Toutes ces informations sont visibles très rapidement sur une partition en noir, et sont le fruit d’une vision globale et analytique de la partition. En braille, la prise d’information nécessite une lecture caractère après caractère, dans l’ordre d’écriture de la partition en braille. Il est extrêmement difficile, pour ne pas dire impossible, de chercher directement ces informations au bon endroit tout en omettant le reste du contenu de la partition à la simple lecture des doigts. Parfois, il s’agit simplement de vérifier si l’information existe ou non. Citons par exemple les changements de tonalité ou de métrique : ces informations en disent long sur une œuvre, sur le caractère de l’œuvre, sur sa difficulté, voire sur le style. Elles sont rapidement repérables en noir. Là encore, pour déterminer la présence d’une information en braille, il faut lire l’ensemble de la partition.

71 Revenons à l’ensemble des éléments listés précédemment. Dans l’utilisation courante d’une partition en noir par un musicien voyant, le regard du musicien se pose en priorité sur ces informations. Cela se vérifie tout d’abord lors de la découverte d’une partition pour la première fois. Il convient d’en appréhender rapidement le contenu, afin d’en déterminer l’intérêt ou la difficulté. Cela se vérifie également lorsque l’œuvre est apprise et que la lecture d’une partition est une aide pour se rappeler des détails d’interprétation. Les musiciens ont pour habitude d’occulter bon nombre d’informations visuelles qui leur sont inutiles dans l’instant pour se focaliser sur l’essentiel, ce qu’ils requièrent au moment de la lecture. Ce type de lecture est inaccessible en braille, à plus forte raison lorsque l’exécution de la partition nécessite l’usage de l’une ou des deux mains. 2.6.2. A propos de l’utilisation du braille pour le professeur voyant

Nous avons fait le choix ici d’une œuvre relativement simple du point de vue du rythme et de la mélodie. La longueur, l’ambitus, les intervalles, ainsi que les indications d’expression sont limités en nombre et en difficulté. Cet exemple illustre la situation pédagogique dans laquelle le professeur veut transcrire un court exemple musical, une brève citation ; que ce soit pour un exercice de lecture de notes, à la voix ou à l’instrument, pour déchiffrer une mélodie ou expliquer un point de théorie musical.

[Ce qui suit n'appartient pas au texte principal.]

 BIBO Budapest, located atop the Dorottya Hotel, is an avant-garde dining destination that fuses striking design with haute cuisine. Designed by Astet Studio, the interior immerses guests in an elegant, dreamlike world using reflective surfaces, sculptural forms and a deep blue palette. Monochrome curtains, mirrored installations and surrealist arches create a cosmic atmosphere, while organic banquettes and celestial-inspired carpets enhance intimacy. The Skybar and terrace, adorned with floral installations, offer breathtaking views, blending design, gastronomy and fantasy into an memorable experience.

Du point de vue du professeur, il y a peu de manipulations à effectuer. Nous partons du principe que le fichier initial a déjà été préparé sous un éditeur de partition en noir, l’objectif de ce travail est de donner les moyens au professeur de partir d’un cours préparé pour l’ensemble des élèves afin de l’adapter à son ou ses élèves non-voyants. Suivant le logiciel utilisé, il suffit d’ouvrir le fichier initial et de suivre les étapes nécessaires à l’export au format XML (décrites précédemment). Lorsque les partitions sont simples, ne comportent qu’une partie (un instrument), et pas de signe dont la notation porte à confusion (l’exemple du mezzo-staccato est très représentatif de cela), les risques d’erreurs de transcription sont minimes et ne nuiront pas à la compréhension des éléments musicaux. Les erreurs sont en très grande majorité liées à des éléments périphériques (textes, indications diverses). Le professeur pourra donc transmettre directement le fichier XML exporté depuis son éditeur de partitions.

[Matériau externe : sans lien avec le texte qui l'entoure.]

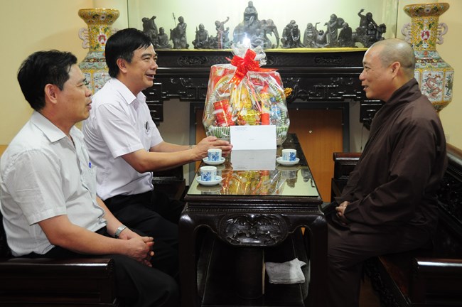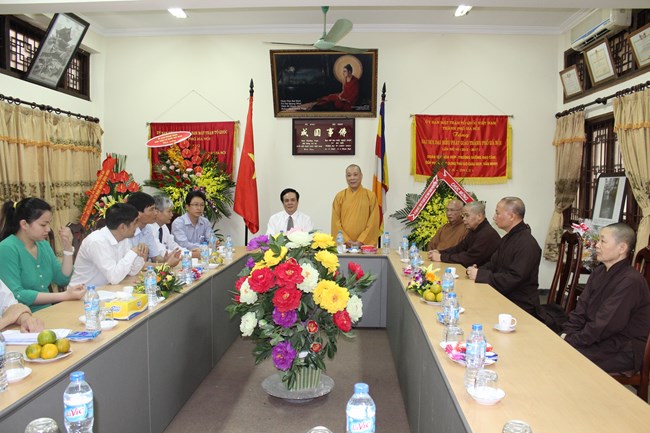 Buổi chiều cùng ngày, ông Bùi Tuấn Ngọc đại điện Phó Ban dân vận Thành ủy đã đến chùa Lý Triều Quốc Sư thăm và chúc mừng Hòa thượng Thích Bảo Nghiêm nhân dịp lễ Phật Đản PL 2559 – DL2015.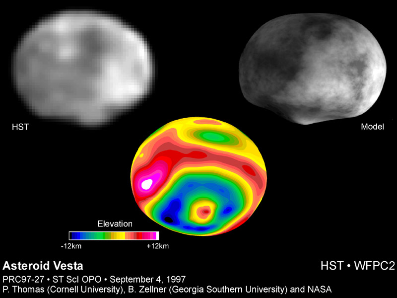 A NASA Hubble Space Telescope image of the asteroid Vesta, taken in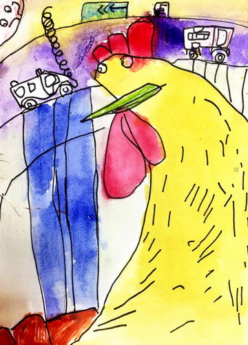 《公鸡看风景》

72 Il est toujours possible, dans un second temps, d’ouvrir la partition avec BME2 pour en vérifier le contenu. Il n’est pas nécessaire pour cela de savoir lire la notation braille. Le logiciel indique systématiquement la signification du signe ou de la séquence de signes qui suit le curseur. On peut donc prendre connaissance de l’intégralité du contenu d’une partition en braille sans pour autant être capable de la déchiffrer. En revanche, en cas d’erreur, ou de contenu manquant, il sera possible d’éditer la partition en modifiant légèrement son contenu, à condition de connaitre la notation braille.

Du point de vue du professeur, la diffusion de partitions simples auprès d’élèves non- voyants nous semble donc pertinente, et demande très peu de manipulations. C’est un outil utile, qui peut être rapidement appréhendé et utilisé efficacement.